Fancy a Danish? Virtual Copenhagen

This post was originally posted at 3pointd - but reprinted here with extra pictures.

2007 has seen a trend (dare I say “meme”? No, perhaps not) for real world cities to be replicated in the virtual world of Second Life. This trend has been particularly prevalent in Northern/Central Europe - with Germany and The Netherlands vying for the most virtual cities. Today, while passing by the World Trade Center Memorial again, I espied an island called »CPH«, and finding it open, went to have a look. It seems that the trend has moved North a tad, as this is virtual Copenhagen. But is it “wunderbar, wunderbar?”

There are many reasons why a city might want to establish a presence in Second Life. The context for Copenhagen’s build can be found in the related website, where you will find an English-language PDF file:

How can Copenhagen evolve into an international top rank knowledge city? A city, seething with innovation and enterprise. A city that is a magnet for students and knowledge workers worldwide. These are the questions we have worked on in the Think Tank for Internationalisation and Business Development. The Think Tank was set up by the City of Copenhagen in May 2006, under the initiative of Lord Mayor Ritt Bjerregaard. The result is nine concrete proposals spanning from a new hotel concept for researchers and knowledge workers to transforming Copenhagen into one huge exhibition of groundbreaking technology.

1. Copenhagen Campus is designed to attract international students and make Copenhagen a World-class university town.

2. The Welcome Shop is an international citizens service centre, where guest researchers, knowledge workers and students find everything they need to establish themselves in Copenhagen. Anything, from information about Copenhagen and Danish legislation to help with finding a job, accommodation and childcare.

3. A Knowledge Hotel is an accommodation service for international guest researchers and knowledge workers. It provides a place to live and a social network that will make you want to return to the city or settle down permanently.

4. The Potential Exchange is a place where people with unexploited potential come closer to the labour market. This could be a taxi driver with an engineering degree or a corner shop owner who is actually a trained doctor.

5. Smart Stars is a talent program for primary school pupils. The program will help pupils with poor odds and provide the talented ones with new challenges. The youngsters will learn that smart stars shine brighter.

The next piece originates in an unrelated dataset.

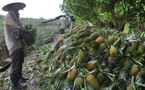 | Nông dân Đồng Tháp Mười thu hoạch dứa. Ảnh: Dân Việt |

6. Copenhagen has the potential to attract many more international firms. The Carlsberg district is one of the areas that have the largest potential. It could become an international power centre, housing the regional headquarters of large firms from Denmark and abroad.

7. Copenhagen’s urban spaces should be transformed into opportunity spaces, where there is room for creativity, diversity and enterprise. The key is collaboration between residents, those who use the city, developers, students and artists.

8. Copenhagen Solutions transforms Copenhagen’s urban spaces into a showroom of the best Danish technology and social solutions. An international magnet where one can see and experience the future.

9. Copenhagen Venture is an ambitious entrepreneur collaboration between the universities and the commercial sector. It aims at making Copenhagen a city seething with enterprise and new ideas.

These 9 concrete proposals are re-played here for the benefit of visitors, with many links to relevant pages of the website. The centrepiece of the island is Rådhuspladsen, or City Hall Square, and it is here that visitors first arrive. Teleports enable you to get to the various parts of the island where 3D visualisations of the 9 proposals can be found. The majority of the buildings on the island appear to be faithful reproductions of those to be found in the real city, including the City Hall (shown above). I know this can lead to endless debate about the merits or otherwise of trying to model real world buildings in Second Life. Personally, if there is a point and it is well done, then that is fine.

Here's the selection of teleports and a couple of the visualisations:

The quality of the texturing and rendering of these buildings is very good - but for the most part they do lack a certain something: access. Aside from a school room (representing “Smart Stars”) I could not find any traditional buildings that I could actually enter. They seem to exist purely to provide a 3D backdrop for the presentation of the 9 proposals. I don’t see the aim as being to build any form of online community, although that may be planned for later. However, the use of Second Life both as a creative visualisation medium and as a promotional platform is well executed and interesting to see.

Of course, the real challenge is not is Second Life, but whether Copenhagen can achieve its objectives in the real world.